Beatnik  

From The Art and Popular Culture Encyclopedia

Revision as of 22:10, 26 October 2020; view current revision
←Older revision | Newer revision→
Jump to: navigation, search

"What do you suppose happened to all those Beatniks?" mused a blonde freshman as she drove me back to San Francisco after my reading at Berkeley last year.

Well, sweetie, some of us sold out and became hippies. And some of us managed to preserve our integrity by accepting government grants, or writing pornographic novels. John Wieners is mad and in make-up in Buffalo, Fred Herko walked out a window, Gary Snyder is a Zen priest. You name it. Or, as my eleven-year-old daughter recently said to me, remembering the early years of her childhood:

"I really miss those old days. They were hard, but they were beautiful."

Things now are more like pretty. A New Age, with a bit of the baby fat still showing.

Stay stoned.

Diane di Prima May 1969, foreword to Memoirs of a Beatnik (1969) is a book by Diane di Prima

Related e

Wikipedia
Wiktionary
Shop


Featured:

Beatnik is a media stereotype that borrowed the most superficial aspects of the Beat Generation literary movement of the 1950s to present a distorted (and sometimes violent), cartoon-like misrepresentation of the real-life people and the spirituality found in Jack Kerouac's autobiographical fiction.

Since 1958, the terms Beat Generation and Beat have been used to describe the antimaterialistic literary movement that began with Kerouac in 1948, stretching on into the 1960s. The Beat philosophy of antimaterialism and soul searching influenced 1960s musicians such as Bob Dylan, the early Pink Floyd and The Beatles.

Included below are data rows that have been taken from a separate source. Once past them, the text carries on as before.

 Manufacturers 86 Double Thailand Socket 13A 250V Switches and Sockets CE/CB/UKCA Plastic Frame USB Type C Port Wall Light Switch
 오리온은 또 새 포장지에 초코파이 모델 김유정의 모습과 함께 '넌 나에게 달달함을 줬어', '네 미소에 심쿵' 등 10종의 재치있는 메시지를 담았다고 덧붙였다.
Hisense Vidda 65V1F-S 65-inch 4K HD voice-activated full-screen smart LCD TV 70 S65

At the time that the terms were coined, there was a trend amongst young college students to adopt the stereotype, with men wearing goatees and berets, rolling their own cigarettes and playing bongos. Fashions for women included black leotards and wearing their hair long, straight and unadorned in a rebellion against the middle class culture of beauty salons. Marijuana use was associated with the subculture, and during the 1950s, Aldous Huxley's The Doors of Perception further influenced views on drugs.

By 1960, a small 'beatnik' community in Newquay, Cornwall, England (including a young Wizz Jones) had attracted the attention and the abhorrence of their neighbours, for growing their hair to a length that was then quite abnormally long (past the shoulders), for which they were interviewed by the BBC's Alan Whicker for national television.

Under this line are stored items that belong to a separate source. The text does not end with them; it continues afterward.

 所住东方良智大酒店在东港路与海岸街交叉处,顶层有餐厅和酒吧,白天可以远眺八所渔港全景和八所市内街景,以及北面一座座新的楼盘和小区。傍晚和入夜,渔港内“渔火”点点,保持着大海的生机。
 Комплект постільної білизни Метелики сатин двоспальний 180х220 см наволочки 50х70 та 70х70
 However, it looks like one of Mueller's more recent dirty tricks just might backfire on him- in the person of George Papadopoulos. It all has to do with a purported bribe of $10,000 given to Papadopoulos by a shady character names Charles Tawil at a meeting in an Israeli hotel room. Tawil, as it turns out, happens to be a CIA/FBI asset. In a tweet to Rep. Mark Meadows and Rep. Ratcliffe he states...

The Beat philosophy was generally countercultural and antimaterialistic and it stressed the importance of bettering one's inner self over and above material possessions. Some Beat writers began to delve into Eastern religions such as Buddhism or Taoism. Politics tended to be liberal; with support for causes such as desegregation (although many of the figures associated with the original Beat movement, particularly William Burroughs, embraced libertarian/conservative ideas). An openness to African-American culture and arts was apparent in literature and music, notably jazz. While Caen and other writers implied a connection with communism, there was no obvious or direct connection between the beat philosophy (as expressed by the leading authors of this literary movement) and the philosophy of the communist movement, other than the antipathy that both philosophies shared towards capitalism.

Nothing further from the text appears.